The princess nodded.
"What's his name?"
"Chipmunk," the princess said.
"Clever name," I said.
Robin, helping me to my feet, stomped on my toes.
Marian said, "Do you and Chipmunk want to go home?"
Dorinda nodded.
"All right, then." Marian handed her the cage. "We've got to go quickly and quietly."
Dorinda nodded solemnly. Although her size made her look younger than she was, her sad eyes were of someone who was much older, someone who had seen more of the world than any ten-year-old should have.
Take-command Marian put her arm around the princess's shoulders.
The princess said, "Do you know about the back way?"
"The back way?" We all looked at one another.
"It's a secret shortcut."
I shook my head. "We left one of our people in the dungeon," I said. "We have to go back for her."
"The dungeon's where it leads," she said.
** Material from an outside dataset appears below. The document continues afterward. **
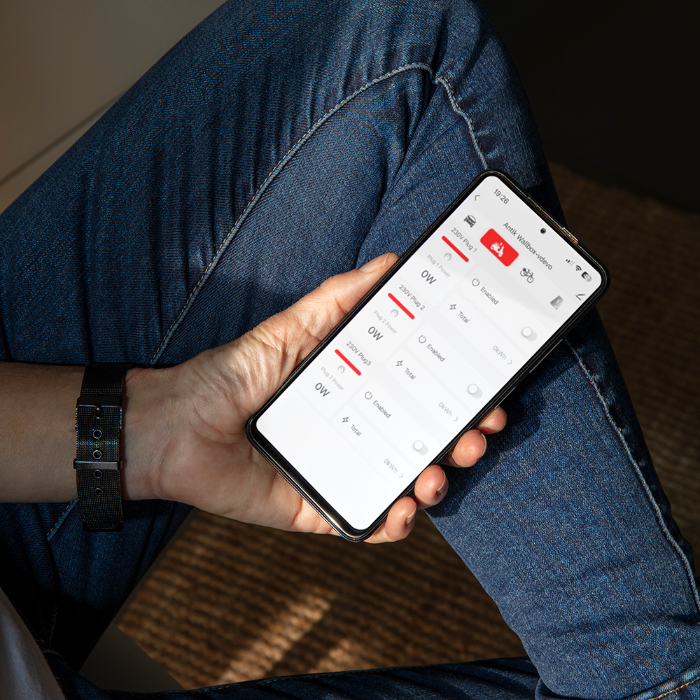 Aplikácia ANTIK SmartHome® vám umožní mať kompletnú kontrolu nad vaším WallBoxom priamo v mobile. Všetky dôležité údaje o nabíjaní, spotrebe a stave zariadenia máte vždy poruke – jednoducho, prehľadne a kedykoľvek.

She nodded toward the back door.
"I'll check it out," Cornelius said. He opened the door. Beyond was a deserted hallway, a mauve-colored one. There was only one door, way down at the far end.
"This way." Dorinda dashed ahead of us.
"Dorinda," Marian said, not quite daring to shout. "Honey."
Dorinda got to the door a full five yards ahead of us. Robin and Feordin were in the rear, dragging Nocona between them.
"Wait!" I called.
She flung the door open anyway.
My heart almost stopped, but she said, "See, nobody here," and disappeared through the door.
We followed her, all of us.
And found ourselves in what had to be a goblin barracks room.
Filled with goblins.
Dorinda stood in the midst of them.
I heard the door slam shut behind us. Dorinda said to the goblins, "Arrest these clowns."
We could have put up a fight. After all,
we
already had our weapons drawn.
On the other hand,
they
outnumbered us about five to one. And they had us surrounded. And they were rested and well fed and uninjured. And it took them about two seconds to get
their
weapons drawn. Other than that...
"Here we go again," Cornelius muttered.
We let our swords clatter to the floor.
Several of the goblins hustled forward and searched us for hidden weapons. They took my dagger, which Thea had just gotten around to returning, and relieved Robin of several knives and files and assorted whatnot. They also found Cornelius's knife and Marian's gauntlets of power.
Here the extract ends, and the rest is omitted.